Understanding the purpose of SOC 1 and SOC 2 reports and the difference between them can help you create a comprehensive due diligence package that gives customers the peace of mind they’re looking for.
SOC 1 vs SOC 2
| SOC 1 | SOC 2 | |
| Purpose | A SOC 1 audit helps a service organization examine and report on its internal controls relevant to its customers’ financial statements. | A SOC 2 audit examines and reports on a service organization’s internal controls relevant to the security, availability, processing integrity, confidentiality and/or privacy of customer data. |
| Control objectives | A SOC 1 audit’s control objectives cover controls around processing and securing customer information, spanning both business and IT processes. | A SOC 2 audit’s control objectives cover any combination of the five criteria. For example, some service organizations may cover security and availability, while others may be required to be examined over all five criteria due to the nature of their operations and regulatory requirements. |
| Example use | A company offering outsourced payroll services. Customers who ask to conduct an audit of payroll processing and data security controls can be given a SOC 1 report instead. | A data center offering its customers a secure data center for their critical infrastructure. Instead of having customers perform frequent on-site inspections, the data center can give them a SOC 2 report that describes and validates controls in place. |
| Readers and users | Readers and users of SOC 1 reports often include the customer’s management and external auditors. They are specifically intended for a user entity and the CPAs that audit its financial statements, helping them understand the effect of the service organization’s controls on the user entity’s financial statements. | Readers and users of SOC 2 reports often include the customer’s management, business partners, prospective customers, compliance regulators and external auditors. SOC 2 reports are often used for oversight of the service organization, vendor management programs, internal corporate governance and risk management processes, and regulatory oversight. |
SOC 1
Undergoing a SOC 1 audit helps a service organization examine and report on its internal controls relevant to its customers’ financial statements.

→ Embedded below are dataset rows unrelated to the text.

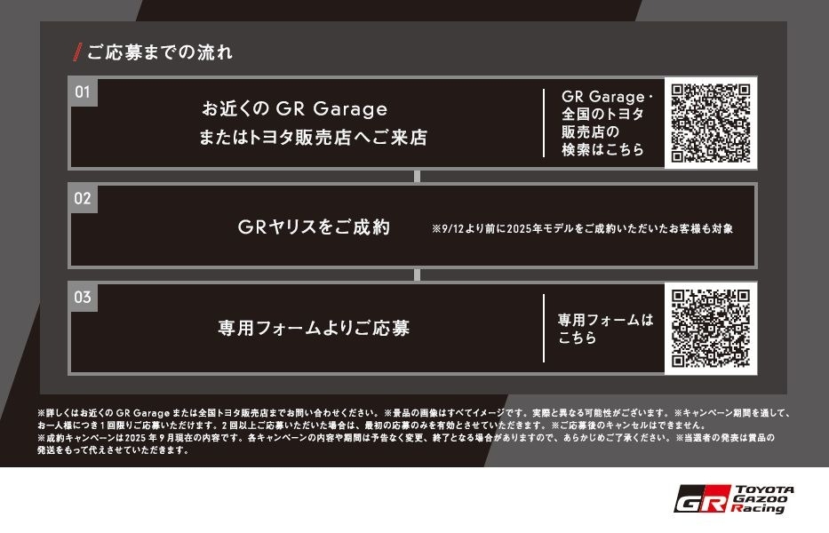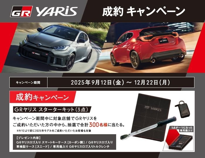 GRヤリス成約キャンペーン✨ 2025.10.25 こんにちは😊 本日の宝塚はあいにくの雨☔ 気温も低く、裏起毛のトレーナーで出勤しました。。 地元が晴れていたので傘を持って出なかったのに宝塚につくと傘がいるレベルの雨… お店まで走って出勤しました…朝から災難でしたが、本日も頑張ります🔥 さて、本日はGRヤリスの成約キャンペーンのご案内です✨ GRヤリスの詳細はこちら👈から 期間中、GRヤリスをご成約いただいたお客様抽選で300名様にロゴ入りスターターキットをプレゼント致します! ご応募方法はこちら👇 ご不明な点や気になることがございましたらお気軽にお問い合わせください😊 皆様ご来店お待ちしております😊 前の記事へ 店舗ブログ一覧に戻る 次の記事へ
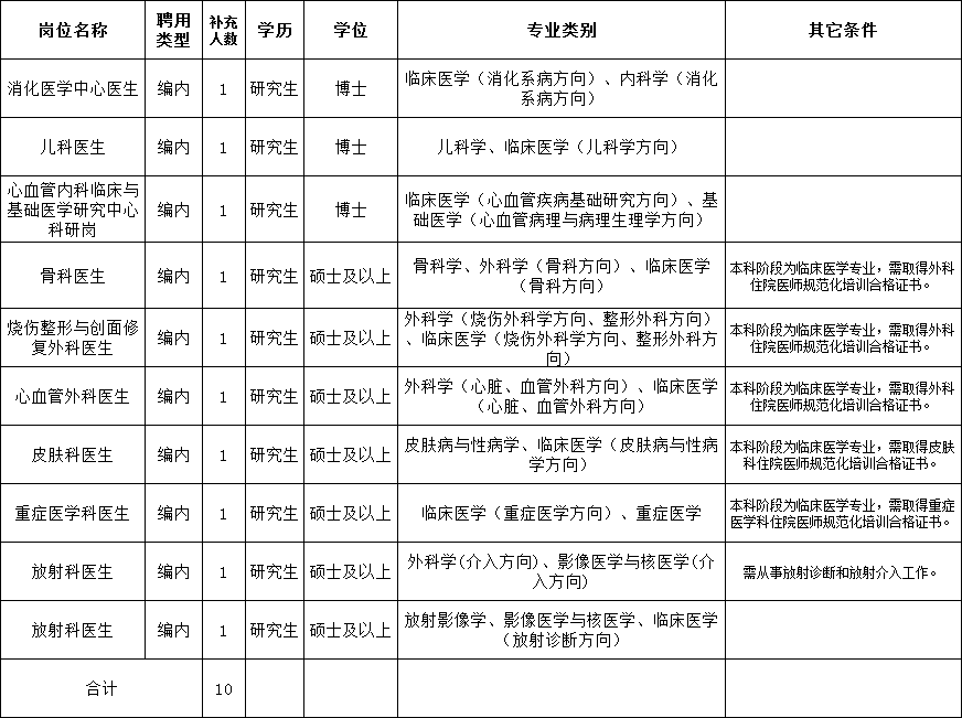 因工作需要,拟向社会公开招聘医疗卫生紧缺急需人才10名,根据事业单位公开招聘有关规定,制定招聘方案如下:
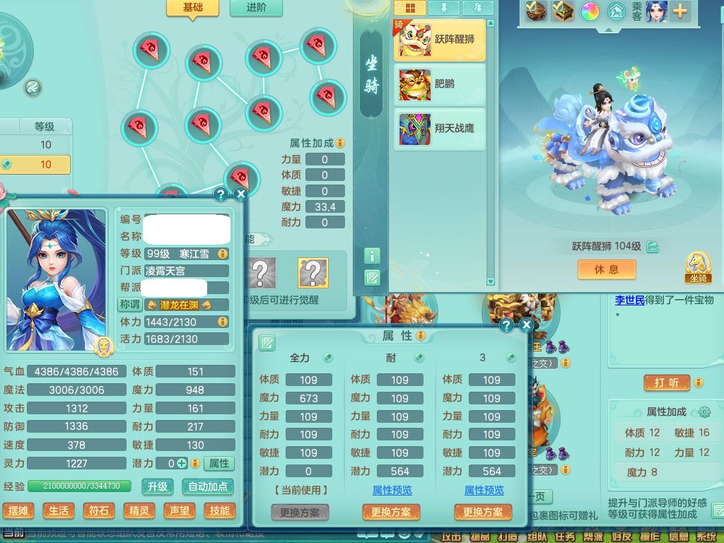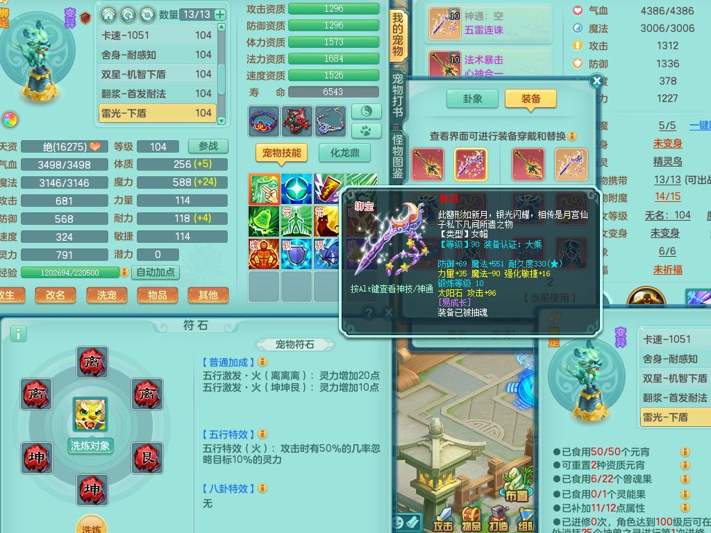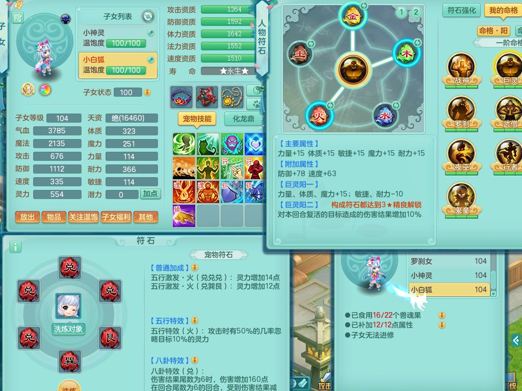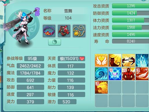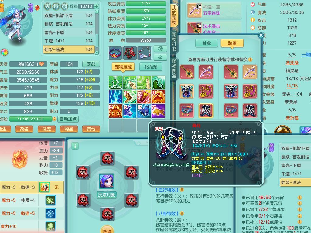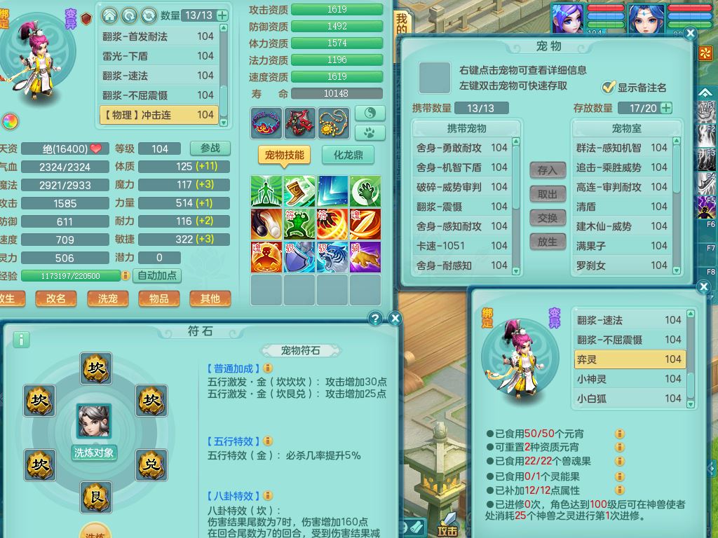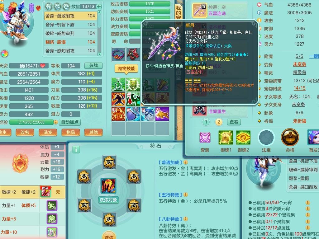 tx10324天下无双99女天宫【潜龙号】双系精灵,1内丹神,综合15只满果子9觉醒7个纯6字,五雷头,单加法爆心神武器,单加Y衣服,156单加Y项链,物理553Y双红武器,崩山衣服,单加Y破血腰带,2套鼎3.0+42+168,永久头饰精灵皮肤,宠排在榜,双人坐骑,带155奶粉地府,带飞行双人老虎坐骑

A SOC 1 report falls under the Statement on Standards for Attestation Engagements (SSAE) 18 AT-C Section 320 (formerly known as SSAE 16 or AT 801) established by the American Institute of Certified Public Accountants (AICPA).
When preparing to undergo a SOC 1 audit, a service organization is responsible for determining key control objectives for the services provided to its customers. Control objectives relate to both business processes (e.g., controls around processing customers’ information) and information technology processes (e.g., controls around securing customers’ information).
An example of a service organization needing a SOC 1 report is a company offering outsourced payroll services. When approached by customers for rights to conduct an audit of their payroll processing and data security controls, the outsourced payroll provider may instead offer them a completed SOC 1 report as a testament to having strong internal controls in place that were examined by an independent CPA firm.
Readers and users of SOC 1 reports often include the customer’s management, compliance regulators, and external auditors.
SOC 2
A SOC 2 report also falls under the SSAE 18 standard, Sections AT-C 105 and AT-C 205. But the difference from SOC 1 is that the SOC 2 report addresses a service organization’s controls that are relevant to their operations and compliance, as outlined by the AICPA’s Trust Services Criteria.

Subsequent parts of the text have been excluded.